> **Task instructions**: Quote the entries in full, character for character, without their images.

(Supplied material begins)

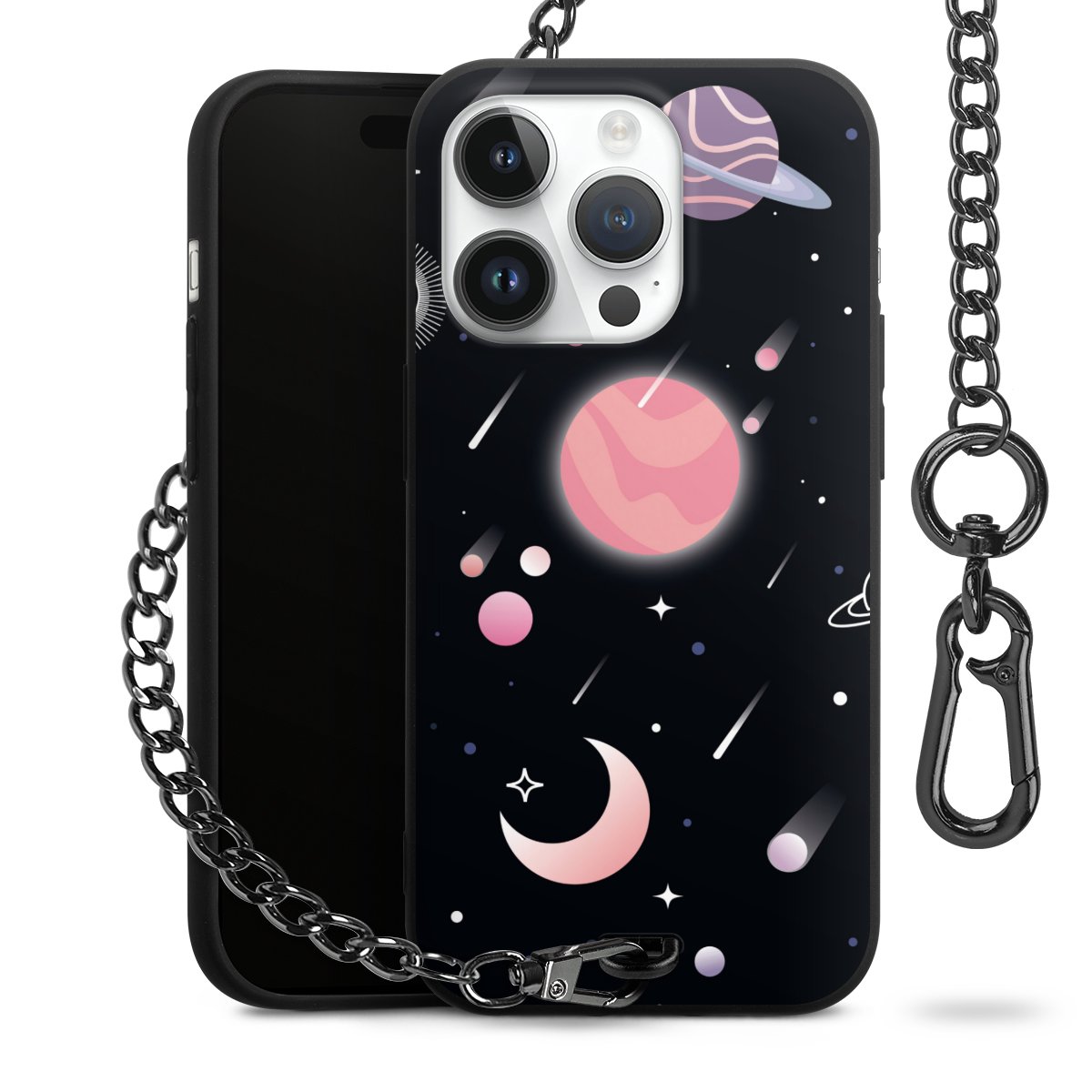 • Mattschwarze Handyhülle mit Metallkette
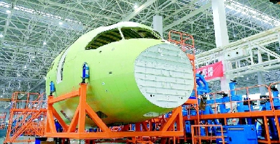 国产C919大型客机机头部段下线 订单已达400架
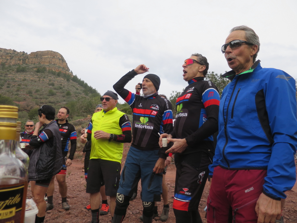 Ruta por nuestra querida Espadán que los sabios de la Peña tuvieron que modificar sobre la marcha y que pudimos disfrutar de lleno. Dos maravillosas y técnicas sendas de ascenso hicieron subir las pulsaciones, el resto más de lo mismo: fantasías animadas sobre dos ruedas, celebraciones, jamoncito y felicidad de una grandiosa Peña.
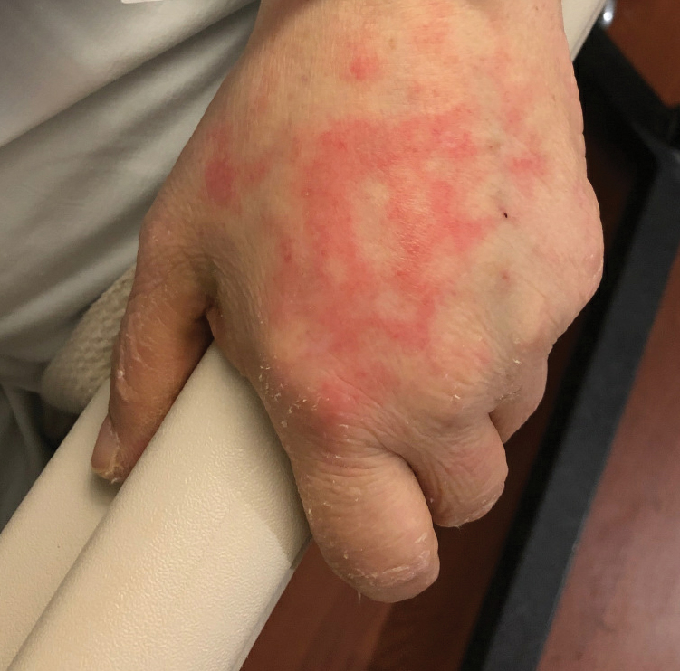 Urticarial lesions represent approximately 7% to 19% of reported COVID-19–associated rashes.9,13,14 Urticarial rashes in patients testing positive for SARS-CoV-2 primarily occur on the trunk.14 The urticaria, which typically last about 1 week,14 are seen most frequently in middle-aged patients (mean/median age, 42–48 years)13,14 and are associated with pruritus, which has been reported in 74% to 92% of patients.13,14 Urticarial lesions typically do not precede other symptoms of COVID-19 and are nonspecific, making them less useful diagnostically.14
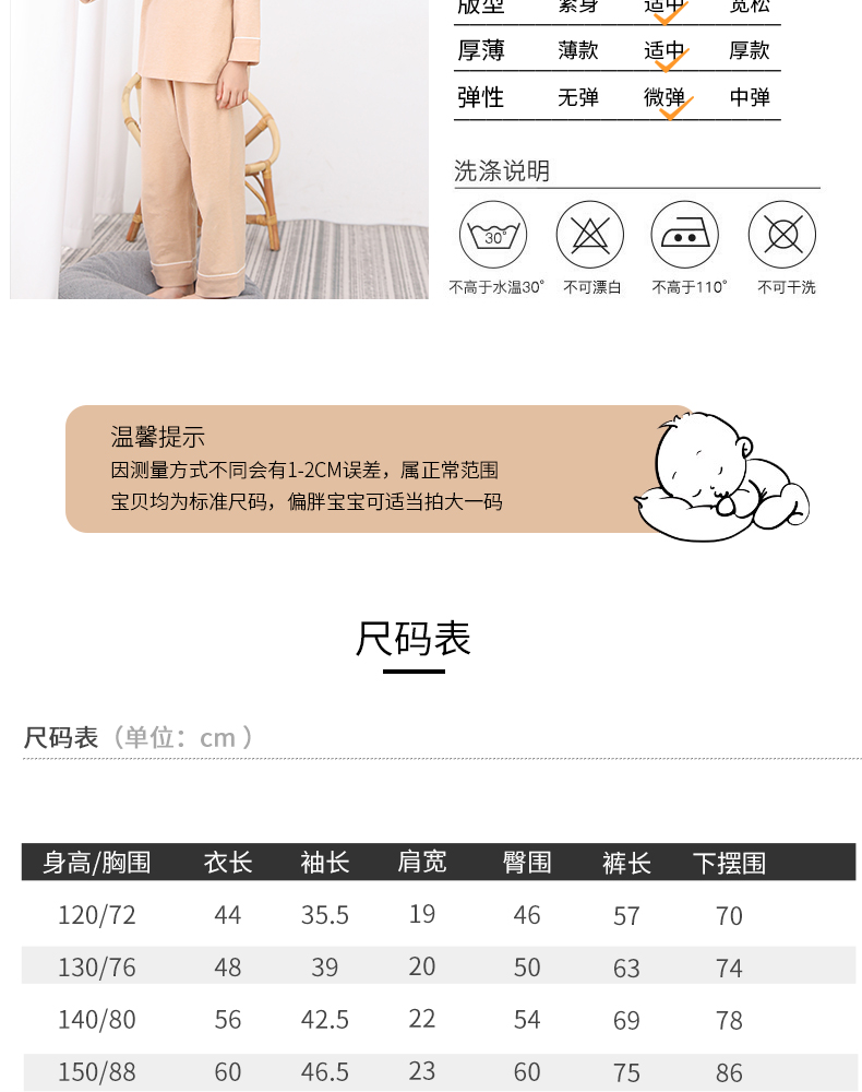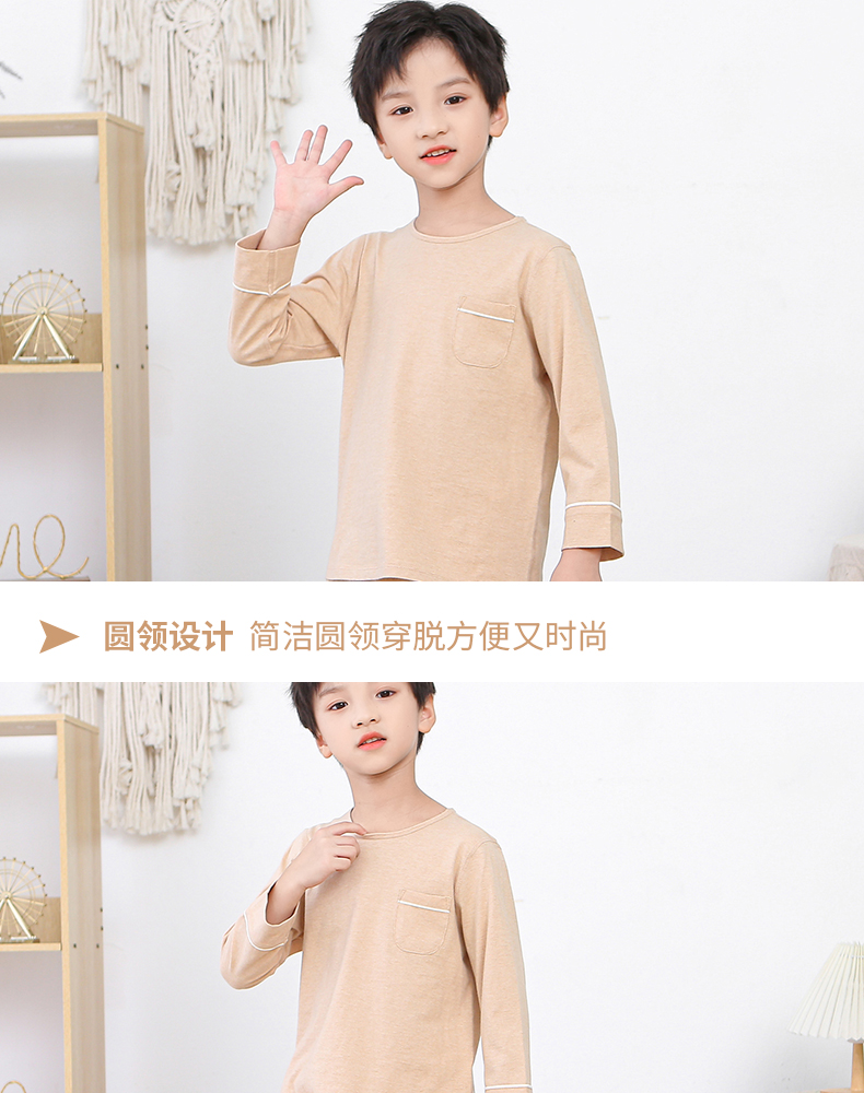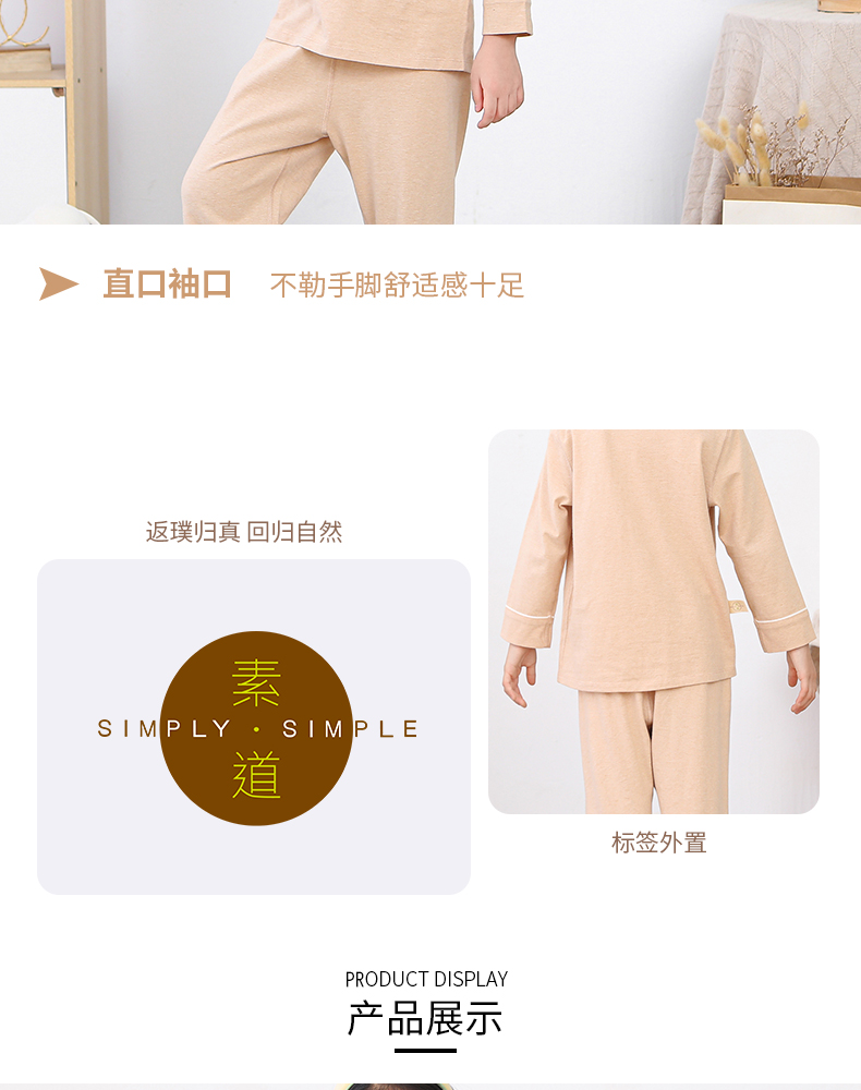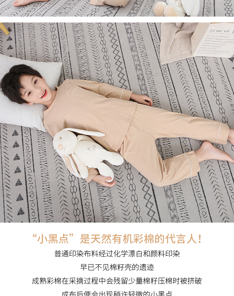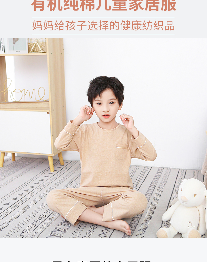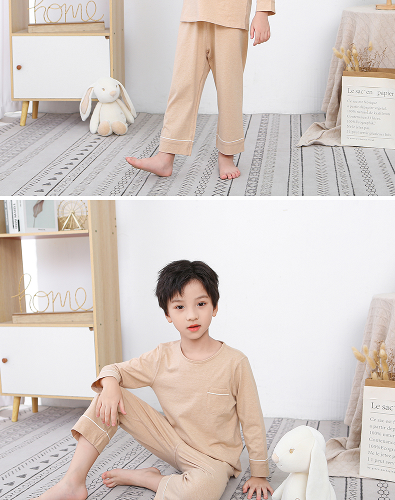 断码清仓 素道天然有机彩棉 儿童纯棉长袖家居服 纯色宝宝居家套装 睡衣

(Supplied material ends)

> **Your solution**:
 • Mattschwarze Handyhülle mit Metallkette
 国产C919大型客机机头部段下线 订单已达400架
 Ruta por nuestra querida Espadán que los sabios de la Peña tuvieron que modificar sobre la marcha y que pudimos disfrutar de lleno. Dos maravillosas y técnicas sendas de ascenso hicieron subir las pulsaciones, el resto más de lo mismo: fantasías animadas sobre dos ruedas, celebraciones, jamoncito y felicidad de una grandiosa Peña.
 Urticarial lesions represent approximately 7% to 19% of reported COVID-19–associated rashes.9,13,14 Urticarial rashes in patients testing positive for SARS-CoV-2 primarily occur on the trunk.14 The urticaria, which typically last about 1 week,14 are seen most frequently in middle-aged patients (mean/median age, 42–48 years)13,14 and are associated with pruritus, which has been reported in 74% to 92% of patients.13,14 Urticarial lesions typically do not precede other symptoms of COVID-19 and are nonspecific, making them less useful diagnostically.14
 断码清仓 素道天然有机彩棉 儿童纯棉长袖家居服 纯色宝宝居家套装 睡衣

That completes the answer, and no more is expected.